To prevent substance abuse we offer students and parents the educational programs. You may find the complete list of classes on this page.


Substance Abuse and Mental Health Services

The Substance Abuse and Mental Health Services Administration (SAMHSA) is the agency within the U.S. Department of Health and Human Services that leads public health efforts to advance the behavioral health of the nation. SAMHSA's mission is to reduce the impact of substance abuse and mental illness on America's communities.

Click here to visit the SAMHSA website.

Center of Substance Abuse Prevention (CSAP)

The Center for Substance Abuse Prevention is a United States agency under the Substance Abuse and Mental Health Services Administration. CSAP's mission is to reduce the use of illegal substances and the abuse of legal ones.

Click here to visit the CSAP website.

National Institute on Drug Abuse (NIDA)

Our mission is to advance science on the causes and consequences of drug use and addiction and to apply that knowledge to improve individual and public health.

This involves:
• Strategically supporting and conducting basic and clinical research on drug use (including nicotine), its consequences, and the underlying neurobiological, behavioral, and social mechanisms involved.
• Ensuring the effective translation, implementation, and dissemination of scientific research findings to improve the prevention and treatment of substance use disorders and enhance public awareness of addiction as a brain disorder.

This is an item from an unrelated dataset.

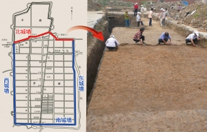唐羅城北城墻位置確定,留有后期擴(kuò)建跡象。在考古現(xiàn)場(chǎng),大小兩條探溝清晰可見,在地表向下40厘米左右的地方,一段古城墻遺址輪廓分明,但由于早些年磚瓦廠取土對(duì)城墻造成了嚴(yán)重破壞,僅留下基礎(chǔ)部分。夯窩、城墻磚、基槽……考古人員參照史料以及現(xiàn)場(chǎng)考古,發(fā)現(xiàn)東風(fēng)磚瓦廠附近為唐羅城東北角,這段東西走向的古城墻確為唐代羅城北城墻東段,而整個(gè)唐羅城北城墻東起東風(fēng)磚瓦廠,向西延伸,北折與子城東南角相接,全長(zhǎng)1470米。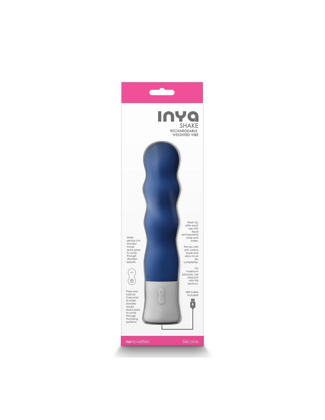Grab a Shake by INYA and hang on. Innovative technology creates a powerful rumbling and thumping sensation. Made of soft silicone and weighted for erotic pressure, this rechargeable vibe will rock your world! Multi-speed (8 speeds) and multi-function (8 functions).

Click here to visit the NIDA website.

Texas School Safety Center

The Texas School Safety Center (TxSSC) is an official university-level research center at Texas State University. The TxSSC is tasked in Chapter 37 of the Texas Education Code and the Governor’s Homeland Security Strategic Plan with key school safety initiatives and mandates. Specifically, the TxSSC serves as a clearinghouse for the dissemination of safety and security information through research, training, and technical assistance for K-12 schools and junior colleges throughout the state of Texas. In addition, the TxSSC also builds partnerships among youth, adults, schools, law enforcement officers, and community stakeholders to reduce the impact of tobacco on all Texans through prevention, training and enforcement initiatives.

Click here to visit the TxSSC website.

National Institute on Alcohol and Alcoholism

The National Institute on Alcohol Abuse and Alcoholism (NIAAA) is one of the 27 institutes and centers that comprise the National Institutes of Health (NIH). NIAAA supports and conducts research on the impact of alcohol use on human health and well-being. It is the largest funder of alcohol research in the world.

Click here to visit the NIAAA website.

Office of National Drug Control Policy (ONDCP) 

The Office of National Drug Control Policy (ONDCP) works to reduce drug use and its consequences by leading and coordinating the development, implementation, and assessment of U.S. drug policy.

Click here to visit the ONDCP website.

Drug Enforcement Administration (DEA)

The mission of the Drug Enforcement Administration (DEA) is to enforce the controlled substances laws and regulations of the United States and bring to the criminal and civil justice system of the United States, or any other competent jurisdiction, those organizations and principal members of organizations, involved in the growing, manufacture, or distribution of controlled substances appearing in or destined for illicit traffic in the United States; and to recommend and support non-enforcement programs aimed at reducing the availability of illicit controlled substances on the domestic and international markets.